Bias propagation. Statistical models learn from their training data, including any embedded biases. An original dataset that over-represents a particular respondent profile within a niche segment will produce synthetic data reflecting that same imbalance. Holdout sample validation is the standard mechanism for quantifying this risk; it does not eliminate it.

Mid-sized segments. The performance data is unambiguous: segments in the n=100 to n=200 range demonstrate limited and sometimes negligible improvement.
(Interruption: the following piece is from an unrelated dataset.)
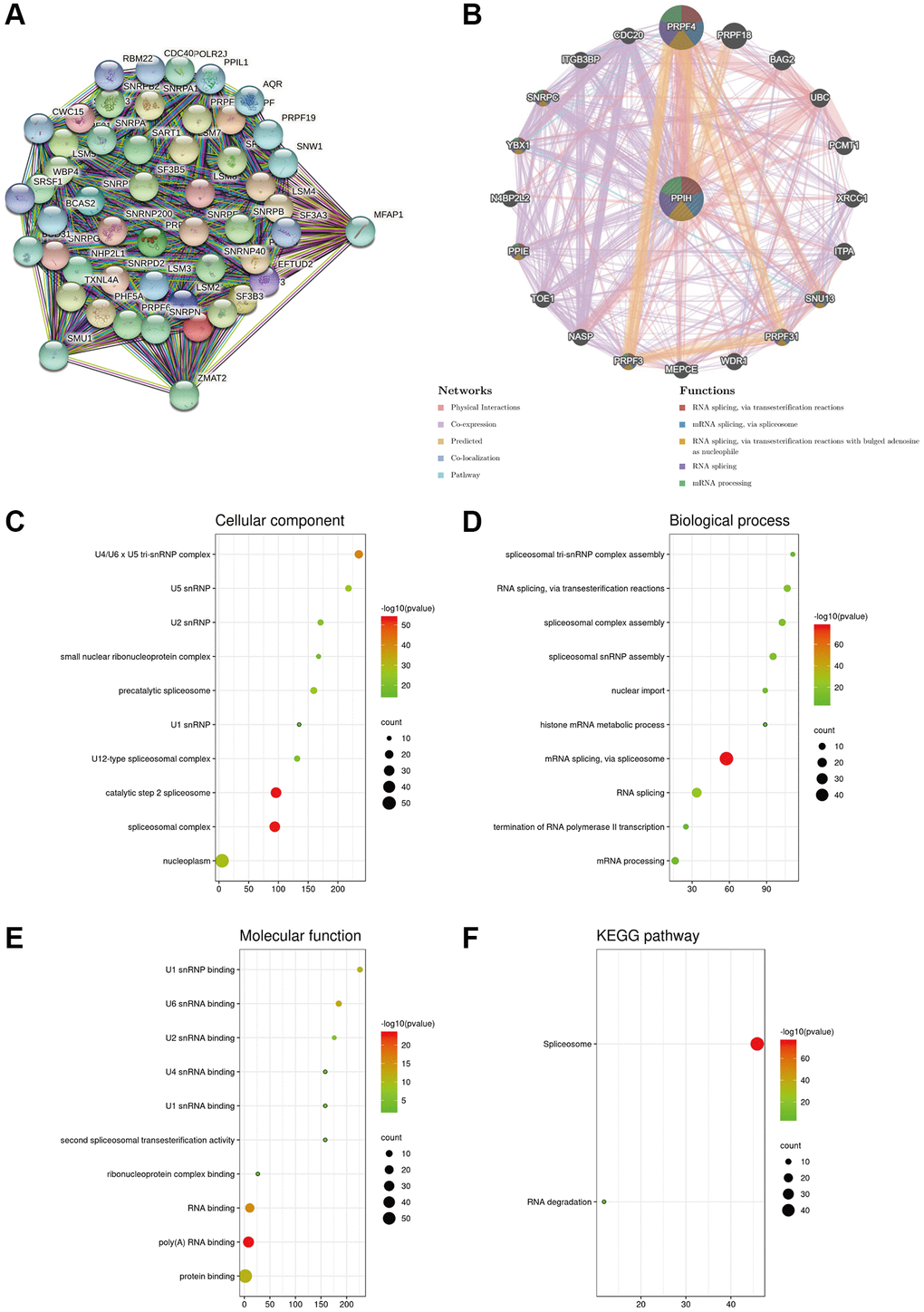 A PPI system of Ppih (top 50) was created via the STRING data sources to better understand the molecular function of Ppih and the signaling pathways in which Ppih is engaged (Figure 9A). Twenty genes were also proven to be enriched in the Ppih system, according to the GeneMANIA assessment of the PPI system. RNA is spliced by transesterification reactions, mRNA is spliced by the spliceosome, and RNA is spliced by transesterification reactions with bulged adenosine as a nucleophile (Figure 9B). To determine the functional enrichment of these 65 interactors according to the STRING and GeneMANIA data sources, gene ontology (GO) and Kyoto Encyclopedia of Genes and Genomes (KEGG) studies were carried out via bioinformatics data sources (http://www.bioinformatics.com.cn/). The cellular component analysis revealed that these proteins were mostly found in the U4/U6 U5 tri-snRNP complex, in U5 snRNP, and in U2 snRNP, as depicted in Figure 9C–9E. The most prevalent biological processes were the construction of the spliceosomal tri-snRNP complex and RNA splicing via transesterification events. These proteins were primarily involved in the binding of the U1 snRNP and the U6 snRNA, according to an analysis of their molecular functions. The co-expressed genes were mostly engaged in the spliceosome and degradation of RNA, according to the KEGG pathway outcomes (Figure 9F).

Research needs concentrated in this range are better served by other methods.

A willingness to define these boundaries clearly is, itself, a meaningful signal of methodological credibility in any synthetic data vendor relationship.

The Broader Validation Picture: Five Independent Studies

The Google pilot study is one of five independent validations of Fairgen's synthetic data augmentation approach, each conducted by a third-party organization with no commercial interest in the outcome, across different geographies, research categories, and evaluation methodologies.

The convergence across all five constitutes methodological evidence rather than isolated proof of concept:

Google / Macromill: 23.8% average CI improvement on brand lift studies (52 cuts, 5 verticals)
L'Oréal + IFOP: 19% MAE reduction on aggregate; up to 32% improvement in specific cells across European beauty market data
YouGov: Confidence interval reduction equivalent to a 2 to 3x real sample boost
GIM: Methodology validated across European research datasets
Dig Insights: ESS improvement of +94% to +198% for segments at n=20 to 50; +153% to +198% for segments at n=7 to 15

Five organizations. Different datasets. Different verticals. Different evaluation criteria. Consistent directional findings across all five.